February 14th, 2013 // 72 Comments

Pregnancy is absolutely destroying Kim Kardashian even more than pretending to workout at the gym but really just reading a Cosmo already was, but you wouldn’t know it from her Instagram where over the past week she’s taken to sharing non-pregnant, conveniently angled pics of herself. So for educational purposes, we’ve posted each of those pics followed by what Kim looked like just last night which happened to be exactly what Natalie Portman‘s character in Black Swan saw every time she looked in a mirror. Haha! Body dysmorphia. So rife for comedy and not at all serious. (If I say things out loud, they become true. Don’t you ruin this for me.)

Photos: Getty, Splash News, WENN

superficial

  1. FattyFatty2X4

    But wait…….
    She is a huge, giant house.
    Put lipstick on a pig, it’s still a pig.

  2. Kim Kardashian Skinny Instagram Pics
    FattyFatty2X4
    Commented on this photo:

    Cornrow’s on Whitey–
    God Bless America!

  3. Kim Kardashian Feather Blouse Covering Pregnant Belly
    Mimi
    Commented on this photo:

    She is such a pig

  4. Jay

    14:48, 14:49, 14:50, 14:51, almost her 15:00 minutes, I ‘m excited, anyone else?

  5. Kim Kardashian Skinny Instagram Pics
    Commented on this photo:

    Kim clearly asked which was her best look…and the answer was “blurry”.

  6. Use it while you got it folks and have fun. Urine is relatively safe and sterile.

  7. Kim Kardashian Feather Blouse Covering Pregnant Belly
    elephantman
    Commented on this photo:

    Actually that gives pigs across the world a bad rep!

  8. logan

    Mrs. Humphries you ain’t foolin anyone. Especially your …….husband. Oh yes I did.

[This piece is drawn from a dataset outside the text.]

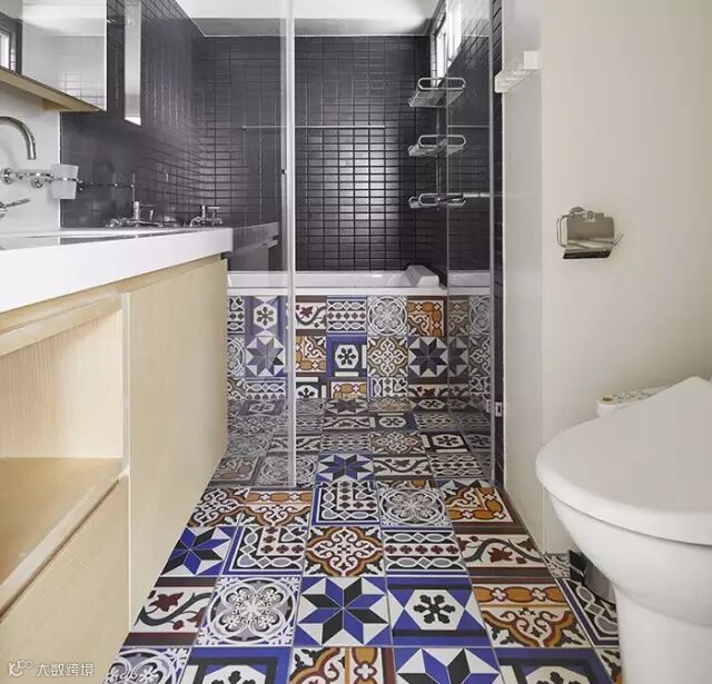 ▲ 墙砖不做花色,地砖菱形铺贴,黑白搭配

  9. Kim Kardashian Feather Blouse Covering Pregnant Belly
    elephantman
    Commented on this photo:

    She knows about fashion?

  10. zeus

    She’s like a case of herpes. She wont go away. I’m bored. Bitch better start eating dog shit or something. Please! Somebody kill this skank and her entire greedy soulless family!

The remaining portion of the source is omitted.